Research On DDoS Attack Source Tracking Method Based On Network Coding In Wireless Ad Hoc Networks

Ad hoc network, with its advantages of fast and flexible deployment, no need of infrastructure, low cost of networking, has broad application prospects. However the security issues that it faces have become increasingly prominent. The characteristics of ad hoc network like open radio channel, limited bandwidth resources, dynamically changing network topology, make it more vulnerable to attacks and harder to defend against than traditional fixed wired network.DDoS is one form of the attacks that are hardest to defense. IP traceback is a name given to any method for reliably determining the origin of a packet. It is a critical ability for identifying sources of attacks and instituting protection measures for the Internet. According to the tracking results, we can not only help an attacker to implement preventive measures in the sources, but also help it to play a deterrent role to attackers. Due to the differences between ad hoc network and wired network, the attack on ad hoc network has its own traits. Thus we cannot adopt Internet IP traceback method directly to ad hoc network.In this paper, we firstly introduce the attack principle and category of DDoS attack on the ad hoc network. Then we summarize the IP traceback technologies on the ad hoc network, and analysis the drawbacks of exiting schemes. Based on these, we propose a new kind of traceback scheme, called network coding based IP traceback scheme. Network coding is an information exchange technology that blends routing and coding together.
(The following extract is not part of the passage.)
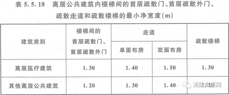 、根據(jù)《建筑設(shè)計(jì)防火規(guī)范》要求(5.5.18):除規(guī)范另有規(guī)定外,公共建筑內(nèi)疏散門(mén)和安全出口的凈寬度不應(yīng)小于0.90m,疏散走道和疏散樓梯的凈寬度不應(yīng)小于1.10m。高層公共建筑內(nèi)樓梯間的首層疏散門(mén)、首層疏散外門(mén)、疏散走道和疏散樓梯的最小凈寬度應(yīng)符合表5.5.18的規(guī)定。

Its core idea is that nodes in the network combine received information in a linear or non-linear manner and then forwarded to the downstream node. Intermediate node plays the role of the encoder or a signal processor. In this paper, we borrow the idea of network coding and propose an efficient network coding based traceback scheme that can adapt to ad hoc network. This scheme is not only able to adapt to ad-hoc networks and improves the success rate of tracking, but also significantly improve the efficiency of the tracking.This paper also proposes a concept of incremental traceback. Combined with the characteristics of network coding and the improved traceback scheme, we propose the concept of incremental attacks and an incremental traceback method. The experiments results show that this method performs well in the situation of incremental attacks and multi-source attacks. Finally, this paper also analyzes the method’s fault tolerance and security issues.